President Donald Trump's decision to exclude Colorado Governor Jared Polis and Maryland Governor Wes Moore from a formal White House dinner during the National Governors Association's winter meeting has prompted a boycott warning from Democratic governors and deepened partisan tensions at what is typically a bipartisan policy gathering in Washington.

According to reporting by The Hill, the White House initially invited only Republican governors to meet with Trump on Friday before later extending invitations to Democratic governors. However, Polis and Moore remained excluded from a black-tie dinner scheduled for Saturday, making them the only two Democratic governors not invited, The Hill reported.

The exclusion quickly triggered pushback. Kentucky Governor Andy Beshear, chair of the Democratic Governors Association, led 18 Democratic governors in warning they would skip any White House event during the NGA weekend-including the dinner-if all governors were not invited. Beshear later characterized the dispute as "a lot of drama" and "unnecessary," and told CNN's State of the Union that the weekend "no longer looks like it's going to be productive at all" and: "At this point, I'm not going."

The confrontation has injected national political friction into a meeting usually centered on pragmatic concerns such as disaster response coordination, federal funding and cross-state collaboration.

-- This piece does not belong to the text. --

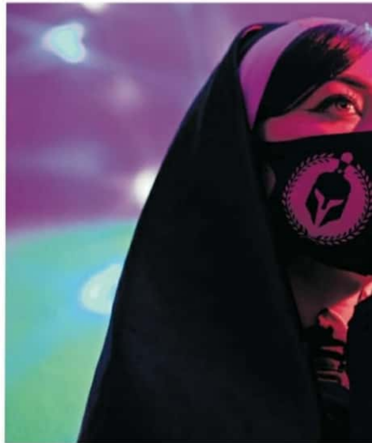
Las medidas restrictivas se han endurecido incluso para los centros nocturnos

Yoatzin sabe que en este 2021 no se puede hablar de firmeza en ningún ámbito de la vida. Aunque en el table dance no

The NGA conference, which runs from Thursday through Saturday, includes sessions on education, energy, economic growth and artificial intelligence-topics that typically draw governors from both parties regardless of ideological divides.

Jared Leopold, a former communications director at the Democratic Governors Association, told The Hill that the White House's move represented "a massive departure from precedent." Governors, he said, would have to decide whether attending White House events under those circumstances would be productive.

Polis indicated he would attend the NGA conference itself, describing it as "an important resource," according to The Hill, though he did not clarify whether he would participate in the White House session. Moore, speaking to CBS News, signaled conditional openness to engagement but drew a line around tone. "If the point of the meeting ... is to turn it into name-calling ... then my answer to the president is very clear: nah I'm good," he said.

Democratic governors have split over how to respond:

  • Connecticut Governor Ned Lamont and Maine Governor Janet Mills planned to attend the White House meeting but not the dinner, The Hill reported.
  • Hawaii Governor Josh Green and Washington Governor Bob Ferguson intended to skip the weekend altogether, with Ferguson's office saying he had decided "quite some time ago."
  • California Governor Gavin Newsom said he would not attend the conference, according to The Hill.

The dispute also highlighted the role of Oklahoma Governor Kevin Stitt, the Republican NGA chair. The Hill reported that Stitt warned he would cancel the White House meeting if Democratic governors were not included. Democrats were later invited to the broader session, though the dinner exclusion remained.

Political scientist Thad Kousser of the University of California, San Diego, told The Hill that while NGA winter meetings rarely produce sweeping policy breakthroughs, they serve a critical function in building working relationships across party lines. He described how governors develop familiarity and trust that can prove essential when crises such as hurricanes require rapid interstate coordination.